Tuesday, 30 March 2010

March - Island Farm Prisoner of War Camp

This month we had a great session with Richard Williams and some members of the Glamorgan Home Guard leading our session on the Island Farm Prisoner of War Camp (Camp 198) in Bridgend. Richard brought along a fellow re-enactor playing the part of a German Soldier imprisoned in Island Farm, who proved to be real trouble!

Richard talked us through the history of the Island Farm POW camp form its origins in 1938 when it was opened, as accommodation for workers at the nearby Royal Ordnance Factory, however as it turned out this accommodation was not popular with the majority of the women working in the ordnance factory preferring to make the journey home! The Home Guard told us that the camp lay empty and unused until 1943 when the Americans used the camp during the preparations for the D-Day landings.

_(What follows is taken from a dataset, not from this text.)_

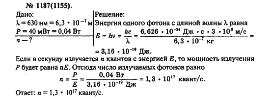 Решения домашних заданий по физике 10, 11 класс Рымкевич А.П. 1187(1155) упражнение Задачник

Richard told us that the large number of POWs taken in Europe meant that the authorities had to find suitable accommodation for them, and Island Farm was an obvious choice. The prefabricated concrete huts surrounded by open fields were ideal, although the barracks had to be converted and barbed wire fences erected. This work had not been completed by the time the first batch of prisoners arrived, so the prisoners were put to work completing the conversion. They told us that Island Farm was designated as Camp 198 and was to hold almost 2,000 prisoners. The first POWs were a mixed bag of Italian and German troops, but the War Office soon decided that the camp was too comfortable for enlisted men and that German officers should be held there. The first officer prisoners arrived in November 1944.

We then found out that the POWs soon turned their efforts to escape. Two tunnels were dug in the camp, but the first was discovered in January 1945. The second tunnel escaped detection and on the night of 11 March 1945, 67 prisoners escaped. Eventually all the prisoners were recaptured, some being found within a few miles of the camp by a local policeman on his beat and some others by a group of girl guides! Others managed to travel considerable distances to Birmingham and Southampton, over 150 miles away.

We then learned that only a few weeks after the escape, in March 1945, the authorities transferred all 1,600 officers out of Island Farm Camp. It was then designated Special Camp Eleven and prepared to receive senior German officers, many of whom had been captured in France and were awaiting trial at Nuremberg. In all there were 160 officers holding the rank of general, admiral, or field marshal, including a number of Hitler’s closest advisers:

Ricahrd told us that Island Farm finally closed in 1948, when the last prisoners were returned to Germany.

We asked Richard lots of different questions about Island Farm, but one that kept cropping up was why there isn’t a visitor/interpretation centre at the camp and what could we do about getting one opened. The suggestion was made that maybe as a group we should each write a letter to the local council asking about Island Farm and maybe petitioning for a visitor centre to be opened! So, have a think, ask your mates and get writing guys…..we’ll see what Bridgend YAC can do!